Task
Search the data below for the word "este" and report how many lines contain it, with no added words.

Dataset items
====

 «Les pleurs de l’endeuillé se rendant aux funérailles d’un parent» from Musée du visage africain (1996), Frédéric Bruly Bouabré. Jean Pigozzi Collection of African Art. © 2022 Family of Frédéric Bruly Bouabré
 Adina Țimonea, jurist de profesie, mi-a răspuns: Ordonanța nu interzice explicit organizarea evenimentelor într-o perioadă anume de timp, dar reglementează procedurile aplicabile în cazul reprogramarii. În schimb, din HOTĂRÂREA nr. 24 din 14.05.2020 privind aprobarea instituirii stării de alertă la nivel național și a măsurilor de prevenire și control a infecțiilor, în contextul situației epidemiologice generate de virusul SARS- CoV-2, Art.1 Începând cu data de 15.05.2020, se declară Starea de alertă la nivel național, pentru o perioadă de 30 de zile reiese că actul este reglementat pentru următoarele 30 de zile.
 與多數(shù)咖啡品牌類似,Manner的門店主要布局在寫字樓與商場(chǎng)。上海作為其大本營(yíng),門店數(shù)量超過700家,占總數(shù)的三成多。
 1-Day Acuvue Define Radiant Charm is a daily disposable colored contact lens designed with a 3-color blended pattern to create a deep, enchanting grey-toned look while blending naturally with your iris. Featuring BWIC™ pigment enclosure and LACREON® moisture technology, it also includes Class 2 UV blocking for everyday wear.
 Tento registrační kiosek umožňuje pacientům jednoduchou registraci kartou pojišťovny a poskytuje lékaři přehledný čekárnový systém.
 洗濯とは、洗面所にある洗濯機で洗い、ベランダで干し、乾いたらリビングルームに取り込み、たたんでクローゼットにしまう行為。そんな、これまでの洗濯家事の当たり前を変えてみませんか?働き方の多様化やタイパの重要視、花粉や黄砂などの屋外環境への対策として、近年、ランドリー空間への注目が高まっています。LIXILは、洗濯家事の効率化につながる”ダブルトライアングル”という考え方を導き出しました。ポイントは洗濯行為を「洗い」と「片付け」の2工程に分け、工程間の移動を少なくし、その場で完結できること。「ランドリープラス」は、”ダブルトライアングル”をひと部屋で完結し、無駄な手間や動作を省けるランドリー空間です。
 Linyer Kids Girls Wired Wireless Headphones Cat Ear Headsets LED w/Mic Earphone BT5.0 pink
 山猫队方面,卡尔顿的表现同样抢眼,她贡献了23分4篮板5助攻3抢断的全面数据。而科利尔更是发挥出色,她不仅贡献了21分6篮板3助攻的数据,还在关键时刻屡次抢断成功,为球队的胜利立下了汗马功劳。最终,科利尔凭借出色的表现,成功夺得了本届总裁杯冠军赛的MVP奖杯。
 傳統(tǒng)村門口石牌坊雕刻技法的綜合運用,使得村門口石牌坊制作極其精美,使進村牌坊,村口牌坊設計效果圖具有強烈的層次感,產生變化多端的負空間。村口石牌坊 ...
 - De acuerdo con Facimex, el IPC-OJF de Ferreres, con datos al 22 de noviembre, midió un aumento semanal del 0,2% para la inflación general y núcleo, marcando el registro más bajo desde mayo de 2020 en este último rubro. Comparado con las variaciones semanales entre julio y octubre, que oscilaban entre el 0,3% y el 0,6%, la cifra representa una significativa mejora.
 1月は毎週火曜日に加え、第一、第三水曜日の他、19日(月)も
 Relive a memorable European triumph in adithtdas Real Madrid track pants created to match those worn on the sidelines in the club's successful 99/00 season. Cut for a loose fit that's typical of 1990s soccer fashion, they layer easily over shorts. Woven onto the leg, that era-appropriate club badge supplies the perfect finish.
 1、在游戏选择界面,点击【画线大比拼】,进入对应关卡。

====

Worked solution
2